Let us also remember that although dogs and wolves share a common ancestor, they have gone two different ways during their evolution. Dogs have gone through a domestication process where their brains have actually altered in order for them to adapt to their life with humans. I mean just look at their amazing way of communicating with us – they literally know how to ask for our help not to mention how remarkable they are at reading us and our body language (Read more about dog domestication here).

Furthermore, the whole dominance theory has been debunked on wolves as well, even by the scientist who first claimed it (I know right…).

AND look at street dogs. They do not form hierarchies where one is the pack leader and leads the hunt. They form small groups with no leader or apparent rank. They use their smarts to find food in the trash or use puppy eyes to get humans to feed them. If that is not debunking this dominance theory, I don’t know what is!

Now whether dogs who live in groups, like in a shelter, form a hierarchy is still debated among scientists. Some say that there are hints of a rank system while others say that the relation between individuals change depending on the situation.

Us that has a multiple dog household also see that our dogs have established some kind of…let us call it agreement. An example from our home is that Belga knows to keep her distance when Chester is eating, but at the same time she will gladly jump into a crazy tug-a-war game with him.

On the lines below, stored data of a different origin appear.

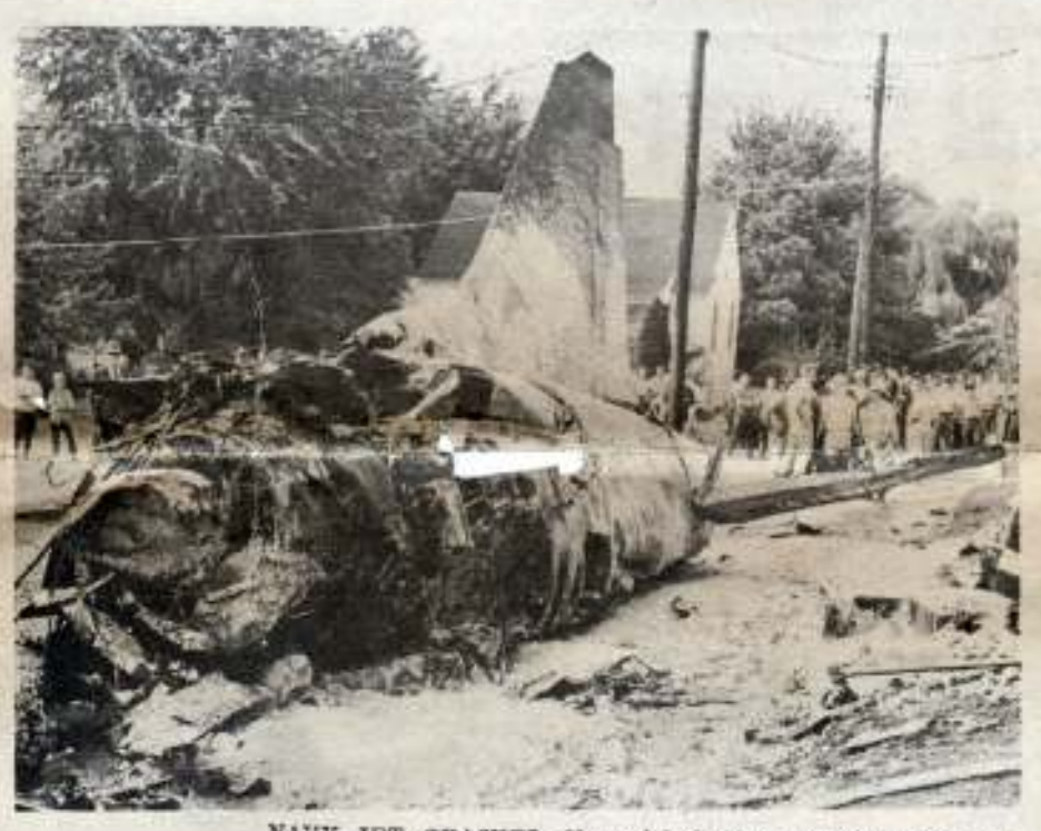
NAVY JET CRASHES: Navy jet fighter crashed while attempting to land at Andrews, destroying a Forestville home.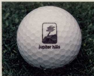
Jupiter Hills Club Jupiter, FL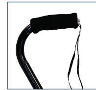
Soft cushioned handle with wrist strap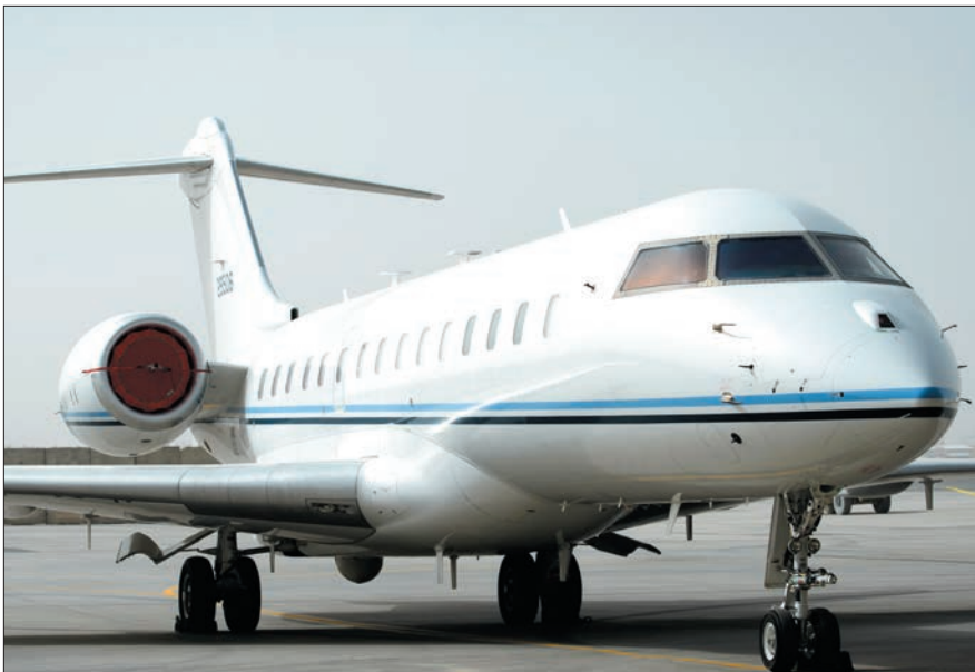
E-11A Battlefield Airborne Communications Node

• E-11A. Modified Bombardier BD-700 equipped with the BACN payload. Function: Communications relay. Operator: ACC. First Flight: Oct. 6, 2003 (BD-700). Delivered: Dec. 2008-Aug. 30, 2012. IOC: Circa 2011. Production: Four. Inventory: Four. Aircraft Location: Kandahar Airfield, Afghanistan. Contractor: Northrop Grumman, Bombardier. Power Plant: Two Rolls Royce BR710A2-20 turbofans, each 14,750 lb thrust. Accommodation: Flight crew: two; mission crew: N/A. Dimensions: Span 94 ft, length 99 ft 5 in, height 25 ft 6 in. Weight: Max T-O 99,500 lb. Ceiling: 51,000 ft. Performance: Speed Mach 0.88, range 6,900 miles.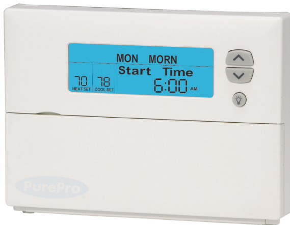
Easy-to-read backlit digital display.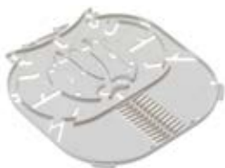
FMTS Splice Tray 12HS (1pc) R895101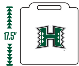
SEAT CUSHION AND SEAT CUSHION WITH BACK No pockets or zippers 17.5" or less in width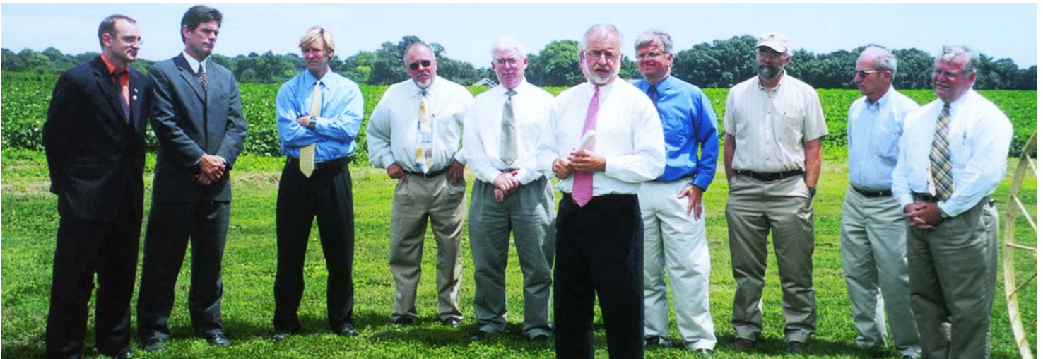
Congressman Timothy Bishop joined state and local officials and environmentalists to announce the legislation he is co-sponsoring that will allow farmers to sell their development rights under an installment payment program.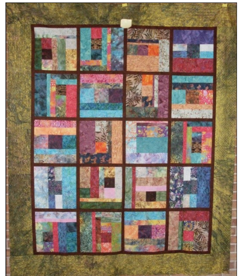
CHQ 2012 Raffle Quilt top/back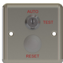
34101 Test Reset Switch - (TRS)

Provides localized testing of the associated curtain(s) remotely from the control panel location.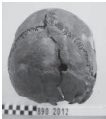
Photograph 4

PPSh and PPS. (Jureket al. 2014). Most cases represent a single gunshot from a handgun with a calibre of 7.62 mm, aimed at the back of the head (photograph 4) (Szleszkowski et al. 2015). The nature of the ascertained wounds shows a unique concurrence with the results of work carried out at the sites of execution of Polish officers in Katyn, Mednoye, and Kharkov (Baran et al. 1993, Baran et al. 1993a, Baran 1998). In the vicinity of these places, in 1940, the NKVD killed more than 10,000 Polish prisoners of war held in camps in Kozelsk, Ostashkov and Starobelsk. In the case of victims of the post-war repression, the ritual of executing by a firing squad was abandoned in favour of a method inconsistent with the gravity of a court sentence. A shot in the back of the head at close range was a very effective method; it did not involve a large number of people in executions, and was a proven method of eliminating human beings.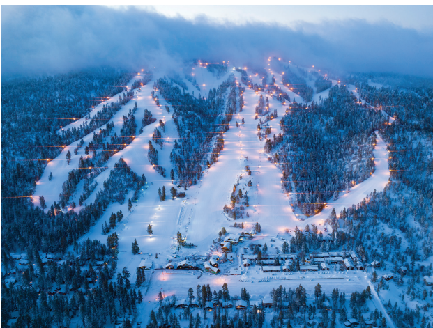
Big Bear Mountain Resort includes Snow Summit (top left and bottom row) as well as Snow Valley (top right) and Bear Mountain (opposite page), providing a variety of options for everyone from beginners to experts on the slopes as well as places to gather and dine afterward.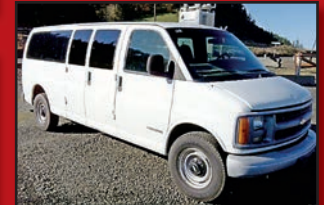
2002 CHEVROLET 3500 PASSENGER

This is not a rank, it is just co-existing – Chester is saying I like to eat alone and undisturbed but he does not think he is the pack leader and will gladly let Belga “take the lead” in other situations.

The human pack leader

What science can agree on is that to move this whole hierarchy Dominance theory idea on to the relation between humans and dogs is totally bunkers (my words not theirs 😉). Instead we should focus on what is really important, and that is how to create the best relation and collaboration with our dogs (Read more about creating happy associations here).

Using dominant training with force and physical gestures (to put it nicely) and thinking of yourself as a pack leader will only destroy your relation with your dog – Do an alpha roll, as we talked about in the beginning, and that is a sure way to lose your dog’s trust.

Physical punishment will not help either you or your dog, if anything it will only create a bad relation between the two of you and a more dangerous dog.

Remember, your dog chooses not to bite you, but that does not mean that they can’t!

Here is what a study from the university of Bristol found.

Dogs that were physically punished showed an increase in behaviours such as increased barking in general, higher aggression levels when meeting other dogs and strangers. Furthermore, they had a higher tendency to display fear and separation anxiety. All in all, they had all the problems you don’t want your dog to have.

Now, this is not to say that you are treating your dog in a wrong way if they have one of these problems. Problem behaviours can yes stem from the use of wrong training, but it can also be due to that dogs’ personality. Some dogs are more nervous than others and some dogs simply don’t like other dogs.

Just like us humans, dogs have different personalities and it is up to us as their humans to give them support, love and care and try our very best to learn to understand them and teach them gently what we want them to do (also read the blog about the relation between dogs and humans) just as you would with a child.


I know, this was a long one right!

Your dog is not trying to take over your home or rule over you as a mighty king. They are NOT trying to dominate you or be the pack leader. In your dog’s mind there is no such thing as rank between you!

It is simple – treat your dog well, reward them when they do something you like and they will do their very best to follow and please you.